Итак, отталкиваясь от тезиса Геллнера, мы предложили интерпретацию, в соответствии с которой экономические изменения предстают как часть более широкого процесса трансформации, позволившего национальным требованиям утвердиться наряду с другими общественными запросами. При царизме экономические изменения способствовали появлению чувства принадлежности к нации. Советское государство стремилось к мобилизации населения под лозунгом социализма. Однако, в конце концов, многие граждане пришли к убеждению, что не построение социализма по советской модели, а национализм является более выгодной платформой для улучшения экономической ситуации. Несколько поколений советских лидеров возлагали надежды на экономический рост, ликвидацию безработицы, возможности для получения образования и социальные программы, как на достаточные основания для укрепления легитимности коммунистической партии и прочности Советского государства в глазах всех советских граждан, независимо от этнической принадлежности. Советское государство достигло многого в экономической, социальной и культурной сферах, хотя значимость этих достижений и была позднее поставлена под вопрос.[41] Тем не менее, данные достижения сопровождались огромными жертвами, что дало основания нерусским национальным меньшинствам считать советскую экономическую трансформацию провальной. Согласно взгляду националистически мыслящей интеллигенции нерусских национальностей, советский проект воспроизводил традицию русской гегемонии и эксплуатации и именно этнические меньшинства оказались непосредственными жертвами коллективизации, голода, индустриализации и ухудшения экологической ситуации. После 1985 года многие граждане восприняли риторику национализма в качестве мощного инструмента критики и подрыва оснований старого режима. Руководство Советского Союза также внесло вклад в собственное поражение, проводя консолидацию национальных групп посредством территориально-административного деления. Когда наступила пора разочарований, националисты выступили на сцену с обещанием выхода из экономического тупика посредством обретения независимости и свободы.
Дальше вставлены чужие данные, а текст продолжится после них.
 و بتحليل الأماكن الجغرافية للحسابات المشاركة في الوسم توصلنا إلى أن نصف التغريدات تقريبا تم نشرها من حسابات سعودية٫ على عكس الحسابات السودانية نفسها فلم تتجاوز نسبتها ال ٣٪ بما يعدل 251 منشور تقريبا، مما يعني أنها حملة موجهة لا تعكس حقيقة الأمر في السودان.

Однако осталась нерешенной проблема разработки конкретных механизмов улучшения социального благосостояния и экономического роста, а равно и их идеологических оснований.[42]
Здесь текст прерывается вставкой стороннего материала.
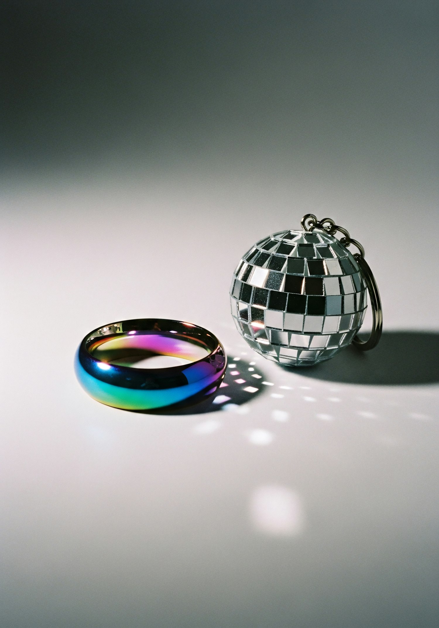 A vibrant metallic ring and a mirrored disco ball keychain create a colorful and reflective composition on a gradient background.

То, чему мы являемся свидетелями в конце ХХ века, представляет собой повторение на новом этапе национального конфликта и конфликта между разными национальными меньшинствами на окраинах империи. Так же, как и в 1917 году, эти процессы являются выражением трудностей общего характера, в том числе и социально-экономического коллапса, на имперской периферии. Распад Советского Союза заставил этнические меньшинства и этническое большинство переосмыслить свою историю. В этой ситуации экономическая история предстает как важнейшая точка отсчета для понимания прошлого, настоящего и будущего этого проблемного региона.